Precision-Controlled Antigens Detail B Cell Activation

A new study from Aarhus University challenges traditional beliefs about the immune system’s activation method for B cells. The team, whose study was published in Nature Communications, reveals that even antigens that can only bind one receptor at a time can activate B cells, contrary to what was previously believed.

This discovery provides a breakthrough in our understanding of how immune cells recognize pathogens, which can lead to better vaccine design. The study also sheds new light on the foundation for how receptors on the surface of cells send signals into the cells, a crucial biological process.

By leveraging a Holliday junction nanoscaffold, the scientists engineered monodisperse model antigens with precision-controlled affinity and valency. They found that the antigen exerts agonistic effects on the BCR as a function of increasing affinity and avidity. Additionally, they discovered that monovalent macromolecular antigens can activate the BCR at high concentrations, but micromolecular antigens cannot.

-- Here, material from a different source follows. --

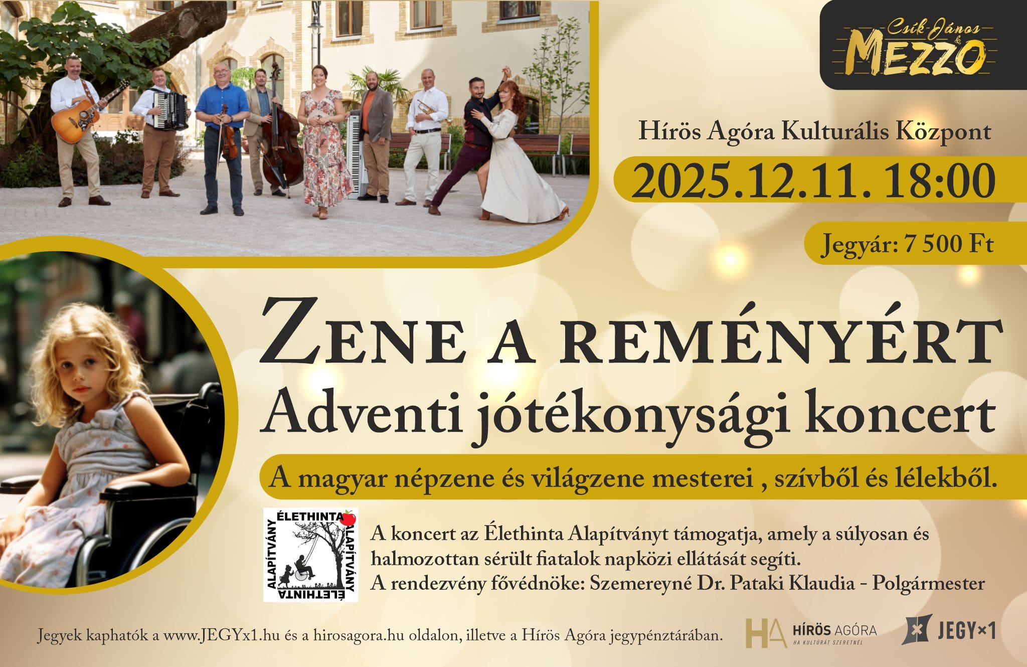 Jegyek kaphatók a Hírös Agóra jegypénztárában és online (www.jegyx1.hu): Zene a reményért – Adventi Jótékonysági Koncert | JEGYx1 – Élethinta Közhasznú Alapítvány linken.

The humoral branch of the adaptive immune system plays a central role in combating pathogens by producing antibodies and immunological memory governed by B cells. The study’s findings uncover a new perspective on one of the most critical processes in the immune system. The researchers are attempting to use the same tools in reverse to turn off harmful immune system responses such as allergic reactions and autoimmune diseases.

These findings provide a new model that can be used to create better vaccines and treatments for a large group of diseases. The team is currently conducting preclinical vaccine trials to translate their findings into clinically relevant vaccine designs. The study is an exciting breakthrough that challenges the old paradigm and opens the door to new possibilities in vaccine design and therapies for autoimmune diseases and allergies.